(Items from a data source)
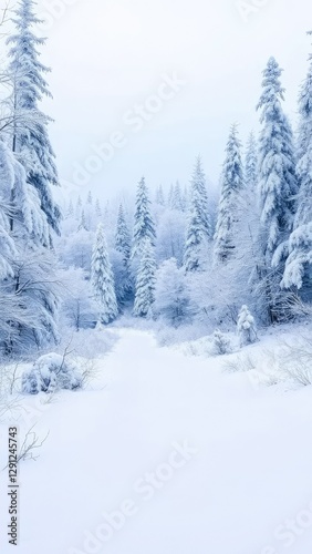 A peaceful snowy landscape with a frozen forest and snow-covered trees, frosty, natural wonder, serene
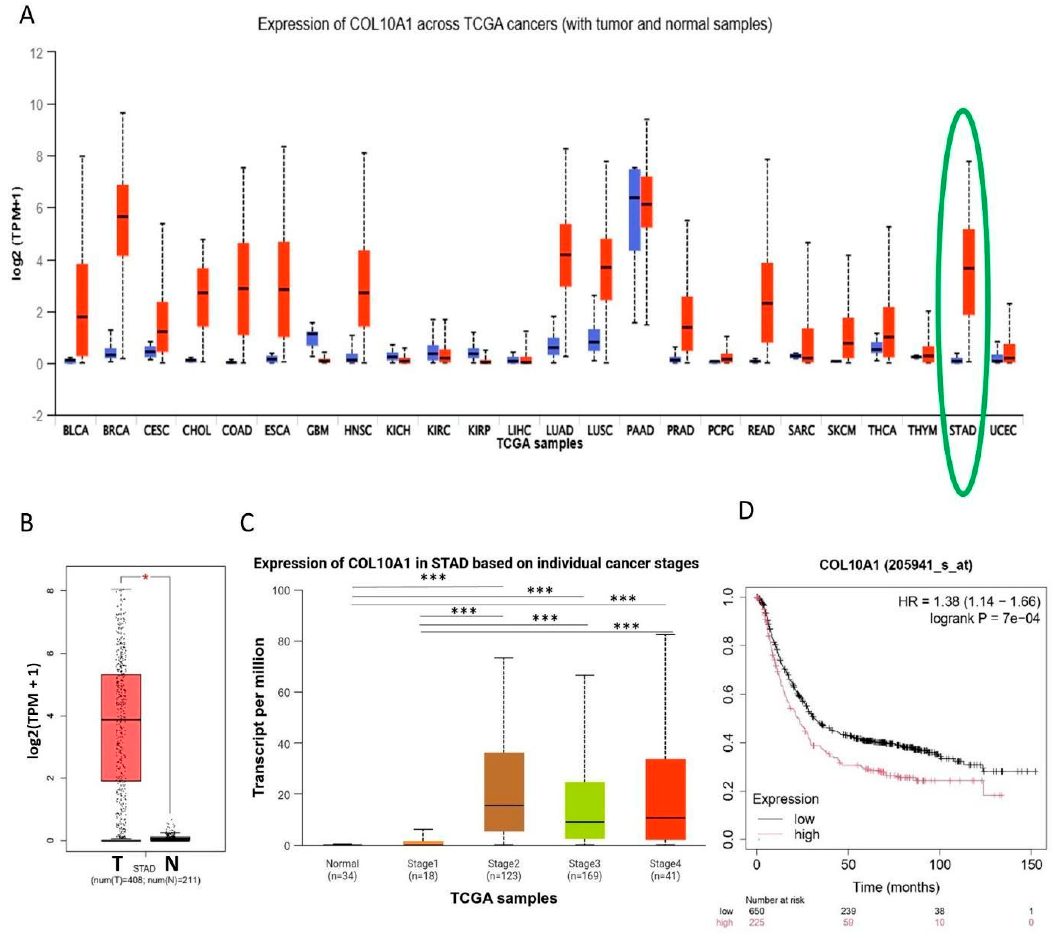 - Necula, L.; Matei, L.; Dragu, D.; Pitica, I.; Neagu, A.I.; Bleotu, C.; Dima, S.; Popescu, I.; Diaconu, C.C.; Chivu-Economescu, M. High plasma levels of COL10A1 are associated with advanced tumor stage in gastric cancer patients. World J. Gastroenterol. 2020, 26, 3024–3033. [Google Scholar] [CrossRef] [PubMed]
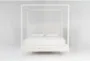 Austen White Queen Wood & Upholstered Platform Canopy Bed With Side & Footboard Storage | Poster | Drawers
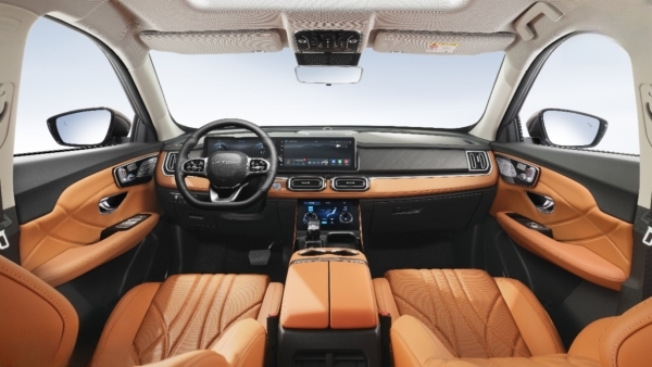 内饰方面,全新一代捷途X70 PLUS在现款的基础上也进行了一定升级。内饰采用热情似火的黑橙配色,轻奢百搭动感格调,加上极简化的中控台、水晶档把等,完美演绎高级感。独特的飞机引擎式空调出风口,更是实现了设计美感和实用性的和谐统一。同时,车内最引人注目的是双12.3英寸中控屏幕,与三幅式多功能方向盘相得益彰,提供了更为直观且舒适的操作体验。座椅布局方面,全新一代捷途X70 PLUS提供2+3的5布局和2+3+2的7座布局可选,并拥有62英寸超广角星际观景天窗。
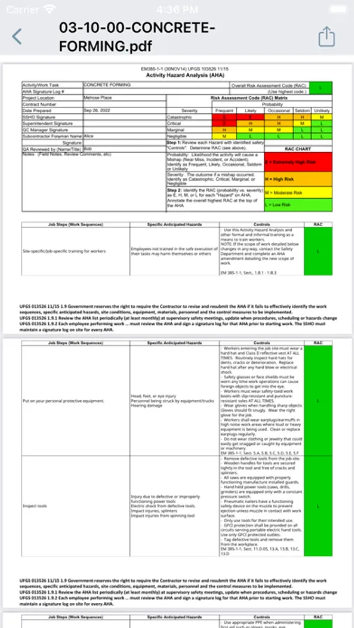 Our proprietary construction software efficiently allows for the creation and real-time management of OSHA and EM 385-1-1 compliant administrative construction plans and Activity Hazard Analysis. This single-source, automated solution will allow you to focus on what you do best. A software made for the industry, by the industry.
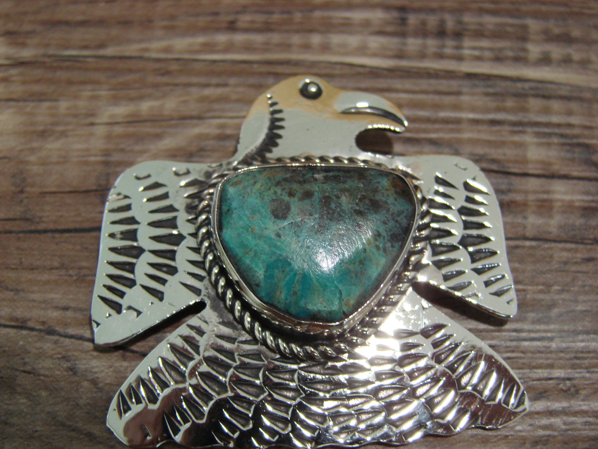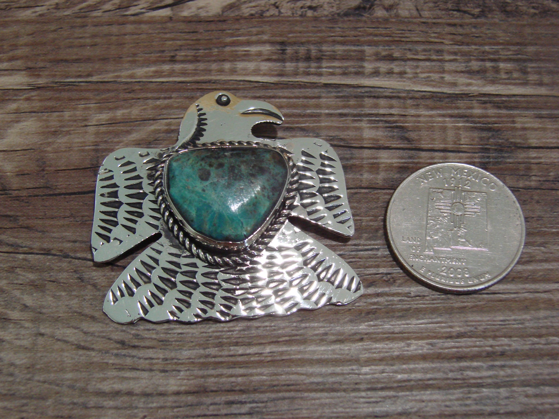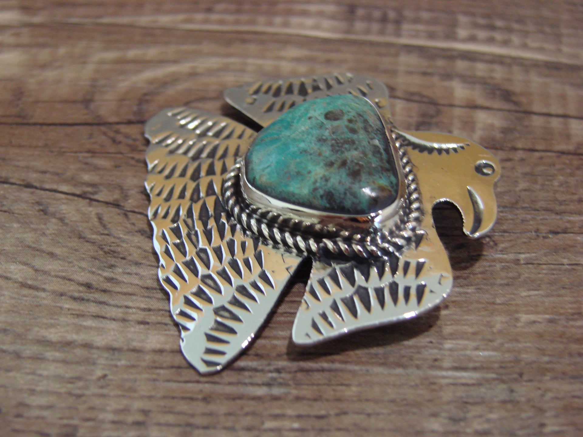 Navajo Indian Nickel Silver & Turquoise Eagle Pendant - Cleveland
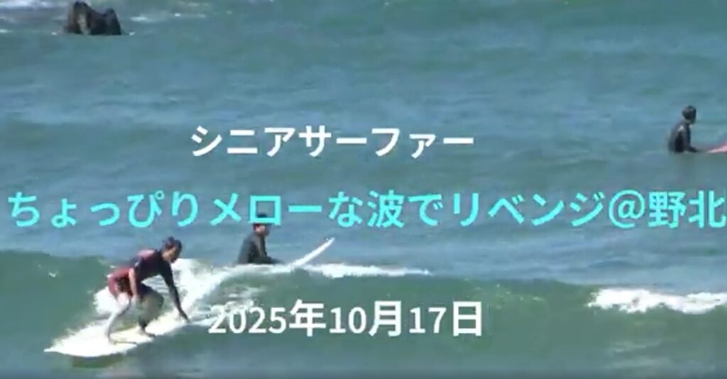 2025年10月13日、体力・気力は今一であったが、波の条件、撮影者確保(連れ合い)の2つの条件がそろった。体力については、今年の異常な暑さの影響か、胃の調子を悪くし、しかも、外耳炎・耳管狭窄症を患い、未だ回復の途上であった。これまでの夏は、波がなくても、一週間に一度は海に入り、パドリングの練習などをしていたが、今年は夕刻になっても海に入る気がしなかった(これは、暑さの他に年齢も影響してきたかもしれないが)。そのため、コロナで止めやプール通いを再開し、少しだけ体力は戻りつつあった。
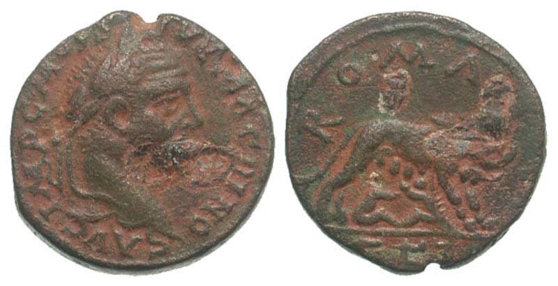 Syria, Seleucis and Pieria. Laodicea ad Mare. Macrinus. A.D. 217-218. AE 27 (27.0 mm, 16.69 g, 7 h). IMP C M OP SEVE MACRINOS AVG, laureate head right / ROMAE FEL, she-wolf standing right, head turned back, suckling the twins Romulus and Remus. BMC 97 var (obv legend); L&K 2097 var. (same); SNG Cop -. VF, red patina. Die flaw on both obverse and reverse.
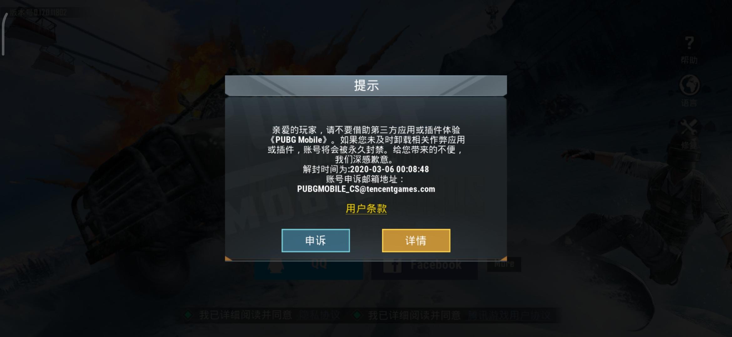 我的吃鸡国际服账号在2019年11月26号被无缘无故封禁10年,官方未给出任何解释,申诉也没有任何回复,发了邮件也只是冰冷的机械回复。我真的只是一个普通的菜鸡玩家,打了快四个赛季连皇冠都没上过,这样的我也能被叫做开挂?就算说我开挂,你起码也告诉我是在什么时候开挂吧,打了一个下午什么都没发生,突然在最后一把晋级钻石的时候给我封掉,而且第一次就给我封10年我真的懵逼了。我现在真的很绝望,有没有人来帮帮
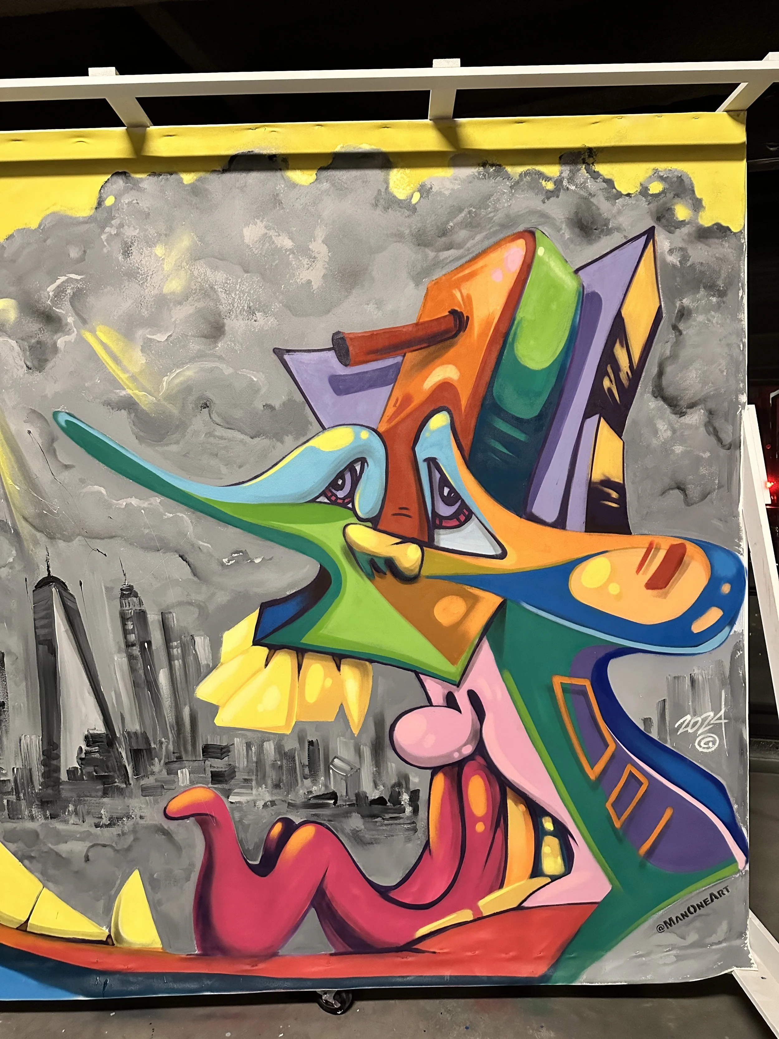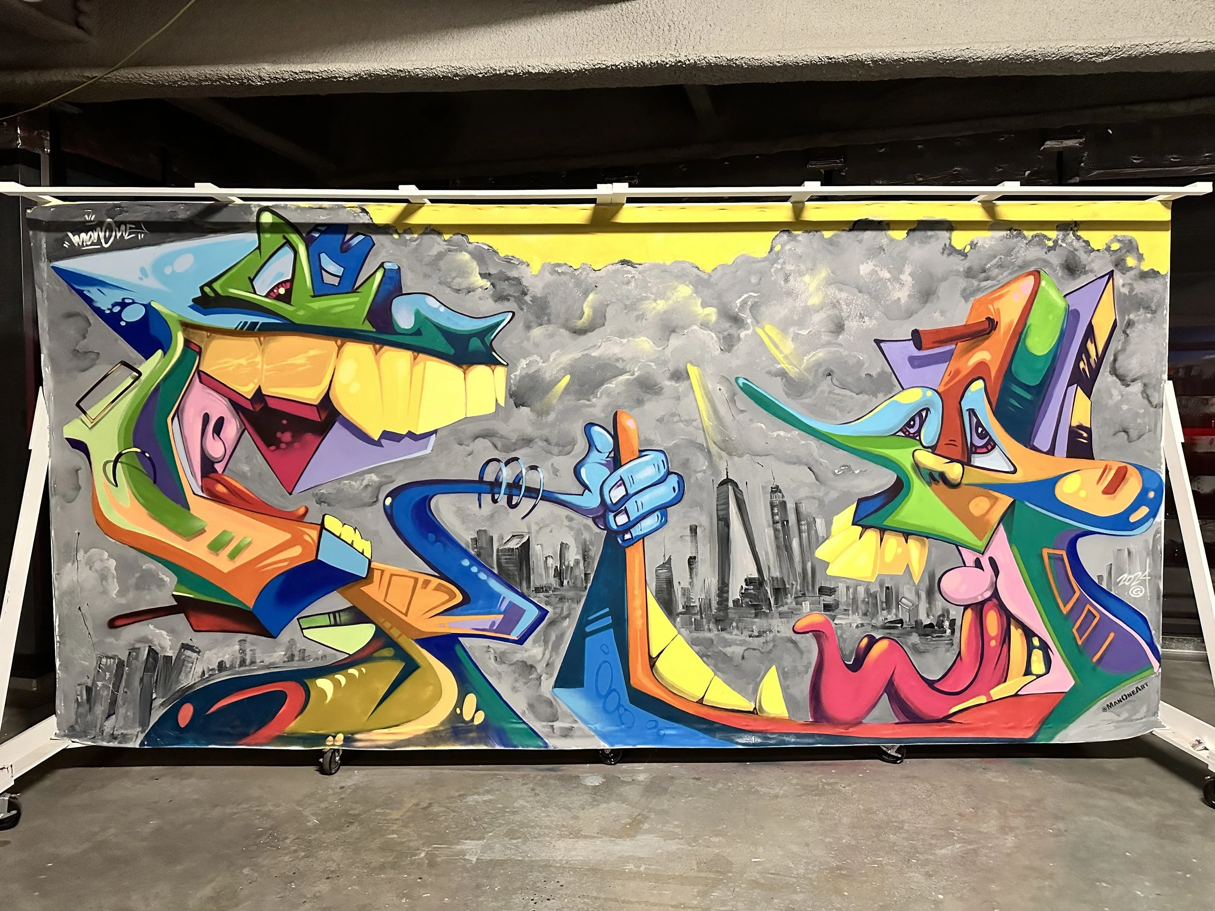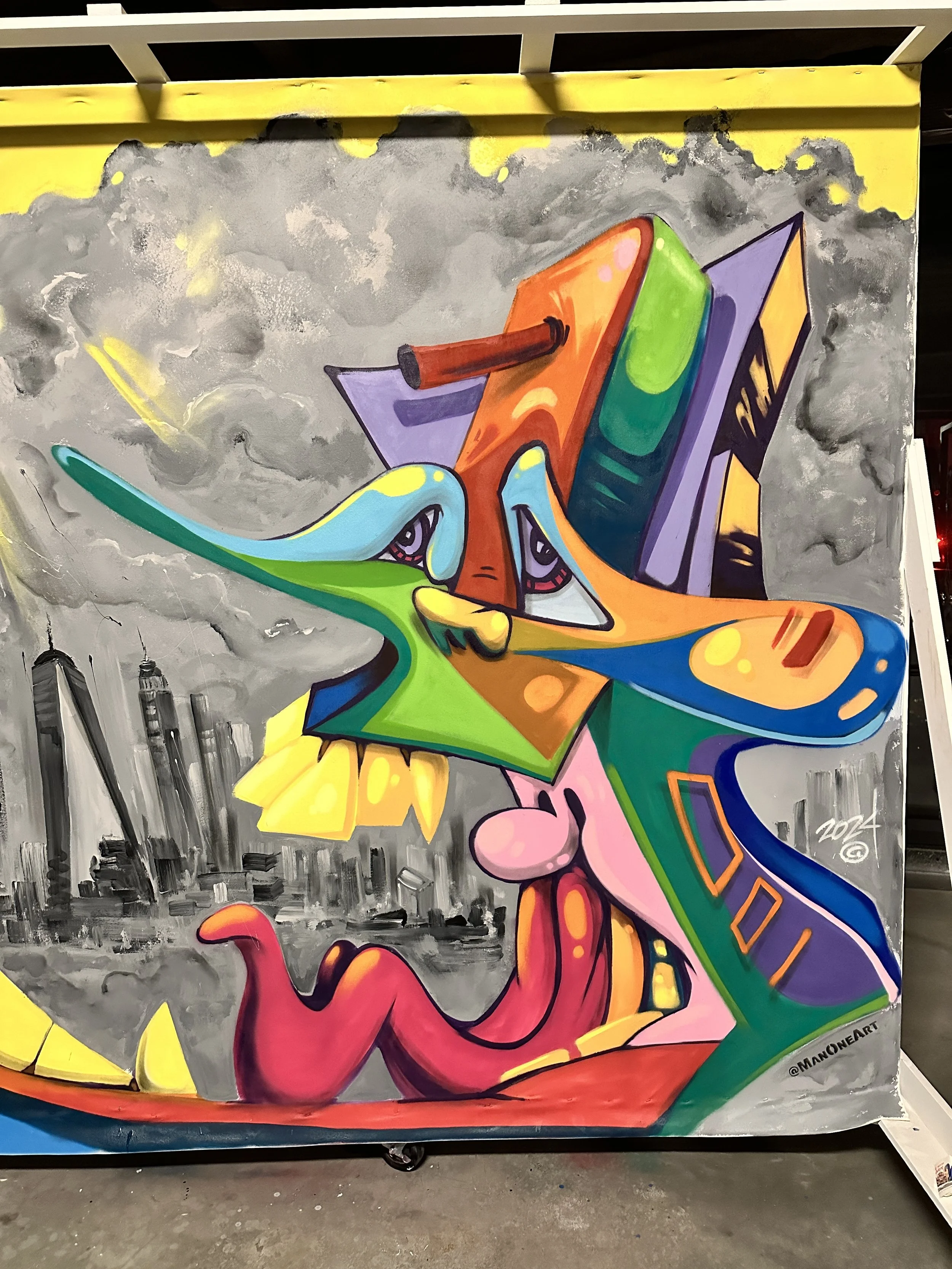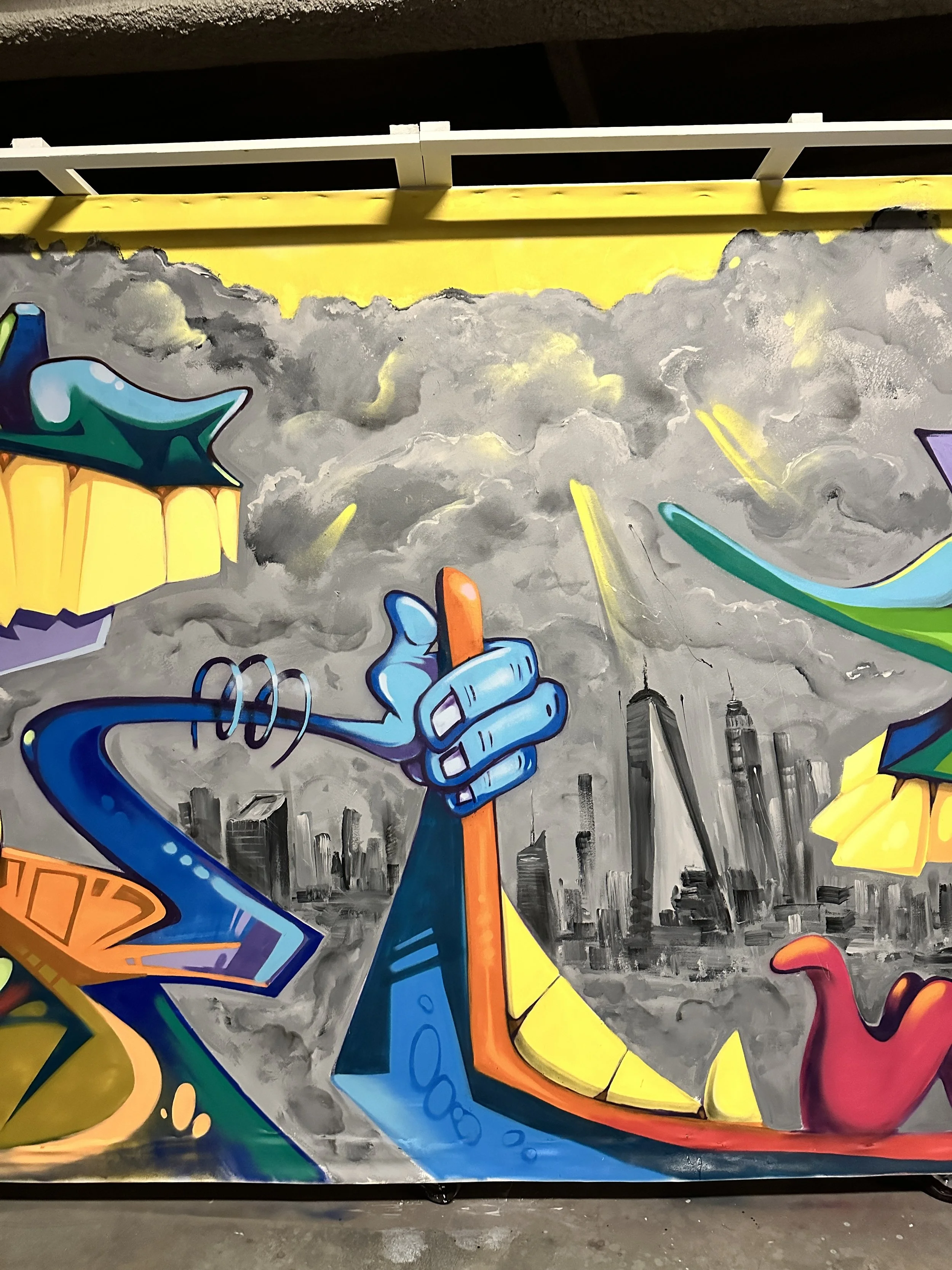 I was commissioned by Silverstein Properties to create a mural at the World Trade Center 3. The mural was painted on canvas stretched onto a 7’ x 16’

# What the task requires
Please set the data above down exactly, with the pictures removed.

# Task response
 A peaceful snowy landscape with a frozen forest and snow-covered trees, frosty, natural wonder, serene
 - Necula, L.; Matei, L.; Dragu, D.; Pitica, I.; Neagu, A.I.; Bleotu, C.; Dima, S.; Popescu, I.; Diaconu, C.C.; Chivu-Economescu, M. High plasma levels of COL10A1 are associated with advanced tumor stage in gastric cancer patients. World J. Gastroenterol. 2020, 26, 3024–3033. [Google Scholar] [CrossRef] [PubMed]
 Austen White Queen Wood & Upholstered Platform Canopy Bed With Side & Footboard Storage | Poster | Drawers
 内饰方面,全新一代捷途X70 PLUS在现款的基础上也进行了一定升级。内饰采用热情似火的黑橙配色,轻奢百搭动感格调,加上极简化的中控台、水晶档把等,完美演绎高级感。独特的飞机引擎式空调出风口,更是实现了设计美感和实用性的和谐统一。同时,车内最引人注目的是双12.3英寸中控屏幕,与三幅式多功能方向盘相得益彰,提供了更为直观且舒适的操作体验。座椅布局方面,全新一代捷途X70 PLUS提供2+3的5布局和2+3+2的7座布局可选,并拥有62英寸超广角星际观景天窗。
 Our proprietary construction software efficiently allows for the creation and real-time management of OSHA and EM 385-1-1 compliant administrative construction plans and Activity Hazard Analysis. This single-source, automated solution will allow you to focus on what you do best. A software made for the industry, by the industry.
 Navajo Indian Nickel Silver & Turquoise Eagle Pendant - Cleveland
 2025年10月13日、体力・気力は今一であったが、波の条件、撮影者確保(連れ合い)の2つの条件がそろった。体力については、今年の異常な暑さの影響か、胃の調子を悪くし、しかも、外耳炎・耳管狭窄症を患い、未だ回復の途上であった。これまでの夏は、波がなくても、一週間に一度は海に入り、パドリングの練習などをしていたが、今年は夕刻になっても海に入る気がしなかった(これは、暑さの他に年齢も影響してきたかもしれないが)。そのため、コロナで止めやプール通いを再開し、少しだけ体力は戻りつつあった。
 Syria, Seleucis and Pieria. Laodicea ad Mare. Macrinus. A.D. 217-218. AE 27 (27.0 mm, 16.69 g, 7 h). IMP C M OP SEVE MACRINOS AVG, laureate head right / ROMAE FEL, she-wolf standing right, head turned back, suckling the twins Romulus and Remus. BMC 97 var (obv legend); L&K 2097 var. (same); SNG Cop -. VF, red patina. Die flaw on both obverse and reverse.
 我的吃鸡国际服账号在2019年11月26号被无缘无故封禁10年,官方未给出任何解释,申诉也没有任何回复,发了邮件也只是冰冷的机械回复。我真的只是一个普通的菜鸡玩家,打了快四个赛季连皇冠都没上过,这样的我也能被叫做开挂?就算说我开挂,你起码也告诉我是在什么时候开挂吧,打了一个下午什么都没发生,突然在最后一把晋级钻石的时候给我封掉,而且第一次就给我封10年我真的懵逼了。我现在真的很绝望,有没有人来帮帮
 I was commissioned by Silverstein Properties to create a mural at the World Trade Center 3. The mural was painted on canvas stretched onto a 7’ x 16’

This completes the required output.